If to the Seller:        Per-Anders Johansson
                         Infinicom AB
                         Box 237
                         Karishmn SE 374 24
                         Sweden

With a copy to:          Steven W. Schuster, Esq.
                         McLaughlin & Stern LLP
                         260 Madison Ave., 18th Floor
                         New York, NY 10016
                         Facsimile: (212) 448-0066

If to Purchasers:        R&R Biotech Partners, LLC
                         c/o Rodman & Renshaw Holding, LLC
                         330 Madison Ave., 27th Floor
                         New York, New York 10017
                         Attention: Tom Pinou, CFO
                         Facsimile: (212) 356-0536

                         and

                         Moyo Partners, LLC
                         c/o Arnold P. Kling, Esq.
                         444 E. 86th St.

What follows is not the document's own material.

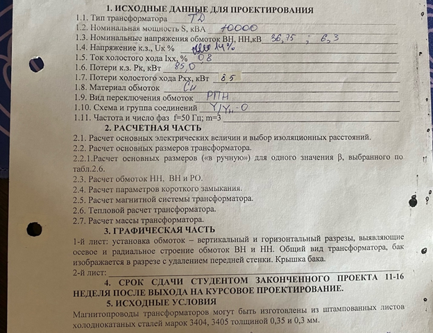 Для студентов по предмету Электрические машиныПроектирование силового трансформатора ТД-10000/35Проектирование силового трансформатора ТД-10000/35

Suite PHF
                         New York, New York 10028
                         Attention: Arnold P. Kling, Managing Member
                         Facsimile: (212) 744-0767

With a copy to:          Morse Zelnick Rose & Lander, LLP
                         405 Park Avenue - Suite 1401
                         New York, New York 10022
                         Attention: Kenneth  Rose, Esq.
                         Facsimile: (212) 838-9190

                                                                              17


If to the Company:       24Holdings, Inc.
                         Cyberia House
                         Church Street
                         Basingstoke, Hampshire RG21 7QN
                         United Kingdom

With a copy to:          Daniel Peters, Esq.
                         White & Case LLP
                         633 West Fifth Street, Suite 1900
                         Los Angeles, CA 90071-2007
                         Fax: (213) 402-2470

or such other address or fax number as such party may hereafter specify for the
purpose by notice to the other Parties hereto. All such notices, requests and
other communications shall be deemed received on the date delivered personally
or by overnight delivery service or telecopied or, if mailed, five (5) business
days after the date of mailing if received prior to 5 p.m. in the place of
receipt and such day is a business day in the place of receipt. Otherwise, any
such notice, request or communication shall be deemed not to have been received
until the next succeeding business day in the place of receipt.

     Section 10.2 Amendments; No Waivers.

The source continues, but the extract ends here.